Opinion
Criminal No. 3:03-CR-359-D., (Fifth Circuit No. 04-10496).
April 13, 2005
MEMORANDUM OPINION AND ORDER
The court sentenced defendant Daniel Belmonte-Martin ("Belmonte") on April 23, 2004 to 46-months' imprisonment and a three-year term of supervised release for the offense of illegal reentry after deportation, and he appealed. Belmonte argues, inter alia, that the court's statement at sentencing that there was no plea agreement should be understood as indicating that the court had implicitly rejected the plea agreement. He maintains that the court committed plain error by rejecting the plea agreement without giving him the opportunity under Fed.R.Crim.P. 11(c)(5) to withdraw his guilty plea. He also posits that the Fifth Circuit should not enforce the waiver-of-appeal provision of his plea agreement.
On April 12, 2005 the Fifth Circuit remanded the case to this court "for the limited purpose of clarifying the record as to whether the court accepted or rejected the plea agreement at Belmonte's sentencing." United States v. Belmonte-Martin, No. 04-10496, at 3 (5th Cir. Apr. 12, 2005) (per curiam) (order). This remand is necessary because "[t]he resolution of whether Belmonte's substantial rights have been affected by the district court's error depends on whether the district court intended to accept or reject the agreement." Id.

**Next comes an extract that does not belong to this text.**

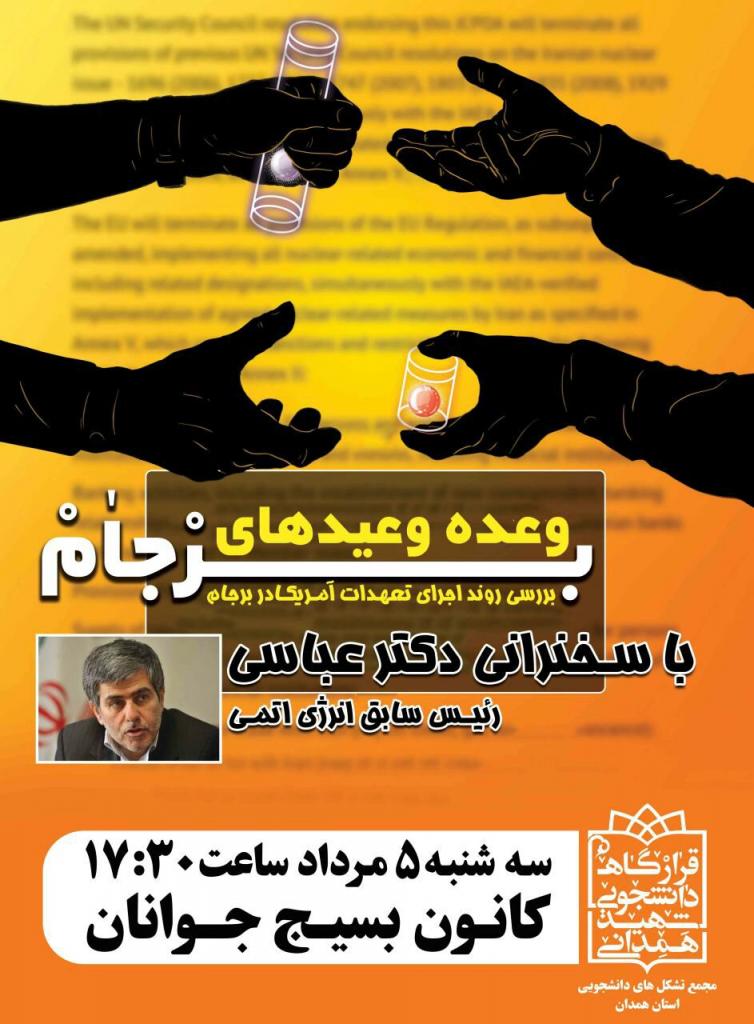 سخنران این برنامه عباسی، رئیس سابق سازمان انرژی اتمی می باشد.

The court now clarifies on remand that it implicitly accepted the plea agreement at sentencing. The court neither intended to, nor did, reject the plea agreement. The court has rejected plea agreements in the past, but it has in each instance permitted the defendant to withdraw his plea. It has never rejected a plea agreement and then proceeded immediately to sentence the defendant.

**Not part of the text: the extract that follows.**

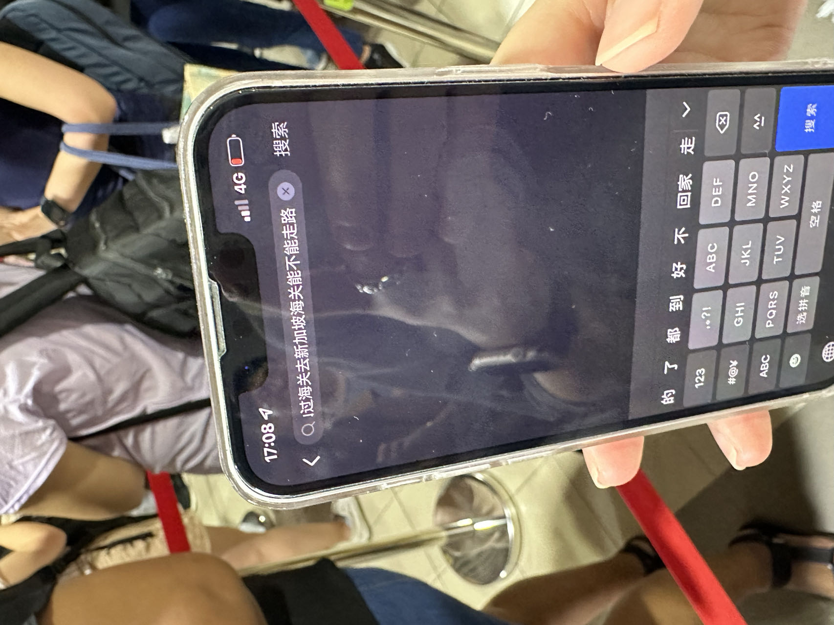 还有四个小时飞机就要起飞了,我们还在另一个国家,两个人在队伍里搜索能不能走到新加坡

Instead, the court implicitly accepted the plea agreement. This is corroborated by a provision in the plea agreement in which the government agreed under Rule 11(c)(1)(B) to recommend that Belmonte be sentenced "at the low end of the applicable sentencing guideline range." Plea Agreement ¶ 8. The guideline range the court calculated was 46 to 57 months, based on an offense level of 21 and a criminal history category of III. The sentence the court imposed — 46 months — is the bottom point in the range. The court also considered and rejected at sentencing Belmonte's motion for downward departure, which is consistent with its intent to accept the plea agreement. It would typically be unnecessary to address a downward departure motion after rejecting a plea agreement.
What occurred in this case is that the court, in preparing for sentencing, focused on other parts of the presentence report than the provisions that plainly state there was a plea agreement. See, e.g., PSR ¶ 4. The court then erroneously assumed there was no plea agreement, probably because this is frequently true in single-count illegal reentry cases handled by the public defender's office in this district. But in sentencing Belmonte, the court implicitly accepted the plea agreement by giving effect to its provisions, including one that significantly benefited Belmonte: sentencing him at the bottom of the applicable range.
The court directs the clerk of this court to transmit a copy of this memorandum opinion and order to the clerk of the Fifth Circuit for docketing in United States v. Belmonte-Martin, No. 04-10496.